風邪のように、あるいは疫病のように、気分が感染する事があったとしたら、きっと世界はもっといざこざの多い住み難い社会になっていたかもしれない。



気分ばかりではない。痛みも、苦しみも、熱さも、寒さも、飢えも、渇きも、決して他人はそれを自分の刺激としてわかってくれることはないのである。



そんなら自分でなんとかするしかない!



そう考えた時、そこにあったものが、いや、九子にとってはそれしかなかったものが坐禅だった。



一度はあきらめたうつ状態の時の坐禅。



九子がまだ自分の症状がウツであるとわからなかった時、医者にも行かず坐禅ばかりをやっていた時期があった。1000時間以上も坐禅をしてみた。

そんなに坐禅をしても、いつものような幸福感はやってこなかった。



以来うつ状態に坐禅は無効と決めてかかって、この時期お寺に行く事も、うちで坐ることも無かった。

それをやってみようと思ったのは、今回不安がことのほか辛かったからだ。



不安な気持ちの時にする坐禅は本当に素晴らしい!

姿勢を整え、呼吸を整え、規則正しく呼吸を数える事を30分ほど続けると、びくびくおどおどして いた気持ちがぴたりと静まっている。



そして不安の代わりに心の中を占めているのは、幸福で充実した気持ちと「どうにかなるさ。」という楽観論だ。





一口に不安と言うが、九子の場合それはいつでも自分の未熟さを受け入れられない気持ちと裏表だ。



なんでもやってくれる優しい両親の庇護の下に育って、自分では何もしないままこの年まで来てしまった。



やってもらう事は何と楽であったか!

だが、いざそれを自分がしなければならない立場に立たされた時、してこなかったと言う事は、経験 が無いと言う事は、何と心もとない事か!



そんなことをいくら考えたところで、今更今までの人生のやり直しは出来ない。



それならば受け入れるしかないのであるが、受け入れるには自分はたとえようも無く未熟である。

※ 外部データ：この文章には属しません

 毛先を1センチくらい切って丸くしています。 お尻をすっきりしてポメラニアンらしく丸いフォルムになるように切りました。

こうして一応衣食たる生活をしているのに、幸せだと思えない自分。



それに引き換えM氏は、子供たちは、みんなそれぞれの大きな、小さな問題を抱えながら、テレビを見て笑える。マンガを読んで楽しめる。



みんな大人だなあと思う。

いい年をして、九子ひとりがのけ者みたいだ。



自分の気分に敏感なちっぽけな人間は、自分の事だけで頭がいっぱいだったり、誰かをねたましく思ったり、他人がみんな羨ましかったり、そういう自分自身に、まず腹が立つ。



せめて自分の不機嫌は、家族の誰にも知られたくない。



ちっぽけな矜持。

いや実は、そんな次元の問題で悩んでいる自分を悟られたくないだけ・・・。





29歳の春、坐禅に出会った。自分を変えてくれるのはこれしかないと思った。

そして生まれて初めて、自分を心の底から愛しいと思えた。

あれほど嫌いだった自分が、とても好きになれた。



こんな未熟な自分でもいいんだ!そのままの自分が尊いんだ!と自然に思わせてくれた坐禅を、どうして今まで忘れていたのだろう。





だめもとで坐った。

脳内のセロトニンがどうのとか、女性ホルモンがどうのとかいうのは一切忘れて坐ってみた。

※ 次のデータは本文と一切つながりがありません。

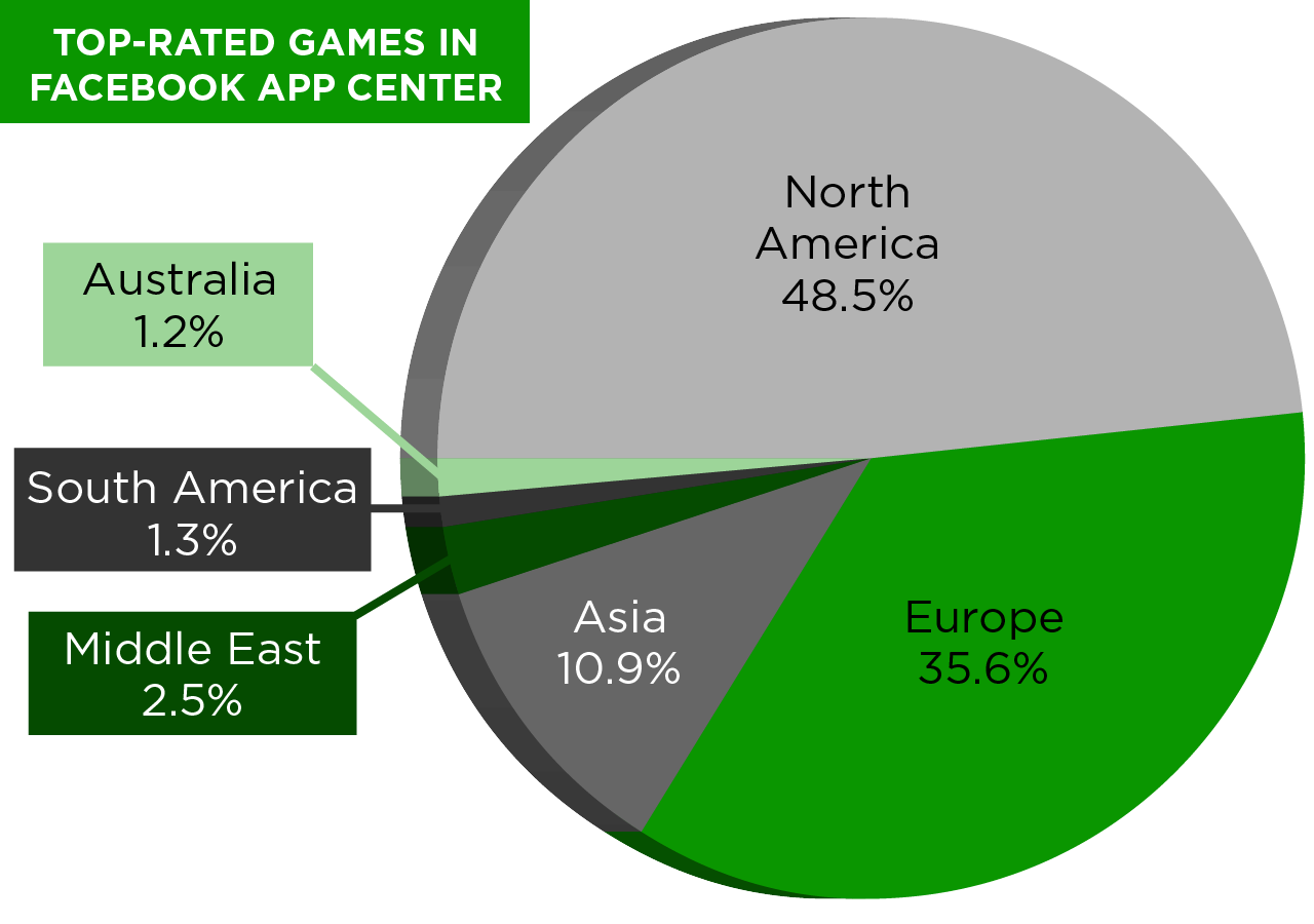 Geographical distribution. The geographical distribution of the studios that have developed top-rated games in the Facebook App Center is as follows: North American (48.5%); European studios (35.6%); Asian studio (10.9%); Middle Eastern studios (2.5%); South American studios (1.3%); Australian studios (1.2%).

そして30分後、規則正しい坐禅の呼吸が、はらわたの中にある黒いもののすべてをかき消して、仏に近い境地に導いてくれるのが手に取るようにわかった。



次の日も、その次の日も、目覚める時の気分は最悪。



でも30分ほどの坐禅が、突き上げるような不安をかき消して、平常心にしてくれる。

不安も焦りもねたみもうらやみも、すべての心かき乱すものたちはいつの間にか消えてしまう。



これが坐禅だ。これが坐禅の醍醐味だ!





九子は長い間「うつ病のときは坐禅がうまく組めない。」と言い続けた。

でもこれからはこう言い直そうと思う。



うつ病できちんと服薬していてもなかなか症状が取れない時、坐禅はしてみるだけの価値はある!

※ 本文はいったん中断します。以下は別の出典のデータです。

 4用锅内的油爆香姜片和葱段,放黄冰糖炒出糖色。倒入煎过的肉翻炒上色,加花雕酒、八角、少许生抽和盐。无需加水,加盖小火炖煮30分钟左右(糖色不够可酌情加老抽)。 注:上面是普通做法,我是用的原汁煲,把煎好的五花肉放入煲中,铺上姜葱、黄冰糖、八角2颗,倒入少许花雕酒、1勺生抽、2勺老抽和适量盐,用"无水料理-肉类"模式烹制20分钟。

(もちろんこれは日頃坐禅に慣れ親しんでいる場合であり、初めて坐禅をするのがウツの時では絶対にうまく組めるわけが無いのであるが・・。)



この場合はうまくいく事をだけを目指してはいけない。

決めた時間だけ坐って、それ以上坐っても意味が無いことも多いから、その日はもうそこまでと諦めることも必要だ。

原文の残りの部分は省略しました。